Près de 200 délibérations étaient au menu du conseil municipal, ce lundi 09 avril. Revoyez la séance en intégralité, en différé !

Les dossiers suivants ont notamment été abordés, lors de cette séance :
► l'examen et le vote du budget primitif 2018
► la politique municipale en faveur de la santé publique



LE BUDGET PRIMITIF 2018

Le budget 2018 s’inscrit dans le cadre d’un niveau de contraintes toujours élevé, suite à l’adoption de la loi de programmation des finances publiques 2018-2022.

Il est ainsi prévu, pour les plus grandes collectivités, un dispositif inédit de contractualisation pour 3 années avec l’Etat, à intervenir d’ici fin juin et portant sur :
► la limitation de l’évolution annuelle des dépenses de fonctionnement à +1,2% (inflation comprise et hors critères de modulation prévus par les textes),
la diminution du besoin de financement, ainsi qu’une trajectoire d’amélioration en cas de dépassement du seuil de capacité de désendettement (de 12 ans pour les communes), ce qui n’est pas le cas de la Ville de Marseille, en-deçà du plafond.

Pour la Ville de Marseille, le plafond contractuel maximum lié à l’objectif de progression des dépenses réelles de fonctionnement est de 1,35 %, compte tenu de l’application d’un critère de modulation (au plus 0,15 point) tenant à la proportion de population résidant dans les quartiers prioritaires au sens de la politique de la ville.

Dans ce contexte d’encadrement de sa trajectoire budgétaire, la municipalité se doit de poursuivre un pilotage budgétaire performant, pour maintenir à la fois un haut niveau de services aux Marseillais et une ambition forte en investissement au bénéfice du développement et de l’attractivité de la ville.


Les chiffres clés du budget
(dépenses en mouvements réels, hors reste à réaliser)



 

La stratégie financière 2018


1. La poursuite d’une gestion budgétaire performante pour contenir la progression des dépenses de fonctionnement

Les dépenses de fonctionnement du budget principal atteignent 1,019 milliard d’euros, soit une évolution de seulement + 0,9 % par rapport à 2017.

Après prise en compte d’un certain nombre de retraitements, dont le remboursement du produit du forfait de post-stationnement à la Métropole, les dépenses de fonctionnement sont en baisse (-0,2 %) par rapport à celles de l’an passé.

Ainsi, à périmètre équivalent, les principales évolutions sont les suivantes :
► progression contenue des charges de personnel (+1%),
► diminution de 3,1% des frais de fonctionnement des services,
► baisse des subventions de fonctionnement de l’ordre de 1,2% du fait notamment de la poursuite des efforts de rationalisation et de contrôle.
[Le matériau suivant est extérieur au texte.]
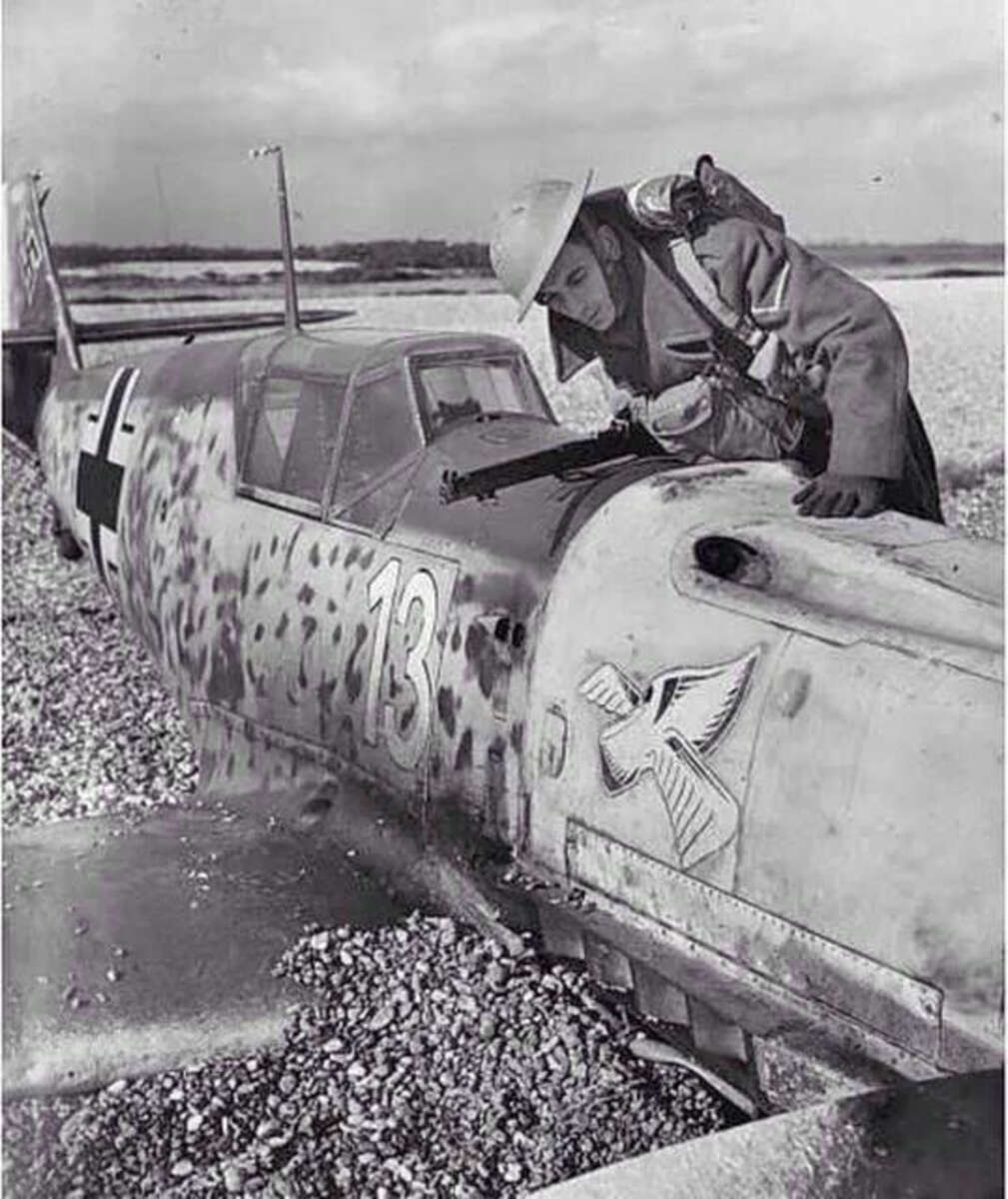 16. A member of Britain’s Home Guard inspects a beached Bf-109 during the Battle of Britain
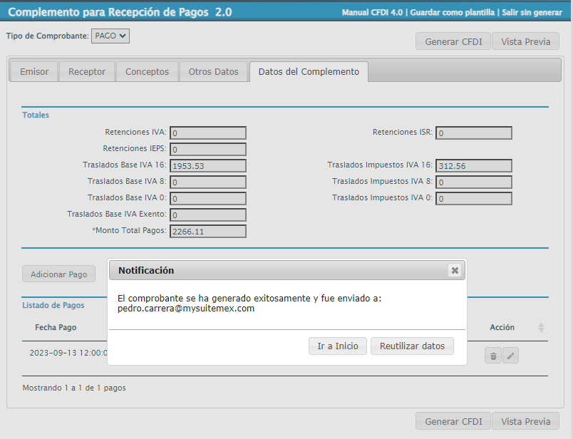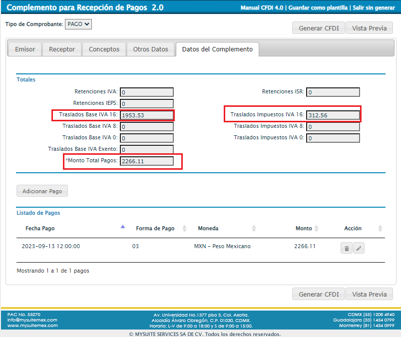 Se dará cuenta que la sección de “Totales” se llenó de forma automática con la información de los documentos relacionados y los datos del pago.

2. Un niveau d’investissement soutenu

Tous budgets confondus (budget principal et budgets annexes), les dépenses programmées en 2018 s’élèvent à 202,1 millions d'euros (contre 209,3 millions d'euros en 2017).

Pour le seul budget principal, le montant des dépenses représente 195 millions d'euros (contre 202,8 millions d'euros en 2017).

Grâce au soutien du Conseil départemental, la collectivité pourra créer de nouveaux équipements et continuer la rénovation et l’entretien du patrimoine municipal.


3. L’accentuation du désendettement de la collectivité

Les efforts de diminution de la dette réalisés depuis 3 ans (- 87,8 millions d'euros tous budgets confondus) se poursuivent et s’amplifient cette année : le volume d’emprunt (101,9 millions d'euros prévus) restera nettement inférieur au remboursement de la dette (174,7 millions d'euros).

Dans le même temps, la collectivité réduit ses frais financiers (47,9 millions d'euros inscrits au budget principal, soit une baisse de 4,4 millions d'euros par rapport au BP 2017), dans le cadre d’un encours sécurisé (71 % à taux fixes).
 

4. La stabilité des taux d’imposition

Grâce à la poursuite de cette stratégie financière, la municipalité est en capacité, pour la troisième année consécutive, de ne pas augmenter les taux d’imposition des ménages marseillais.
Malgré une pression financière renouvelée, la ville de Marseille vient de se voir confirmer sa note « A+ » auprès de l’agence de notation FitchRatings, qui atteste ainsi de ses performances budgétaires solides et de son pilotage financier adapté.



LA POLITIQUE MUNICIPALE EN FAVEUR DE LA SANTÉ PUBLIQUE

L’action municipale en matière de santé et de handicap poursuit les objectifs suivants :  

lutter contre les exclusions et favoriser le « mieux vivre ensemble »,
► réduire les inégalités sociales et territoriales de santé,
► favoriser un environnement et un cadre de vie qui concourent à la bonne santé physique et mentale des citoyens,
► protéger la santé de la population.

Quatre divisions oeuvrent au quotidien en faveur de la santé publique pour tous les Marseillais.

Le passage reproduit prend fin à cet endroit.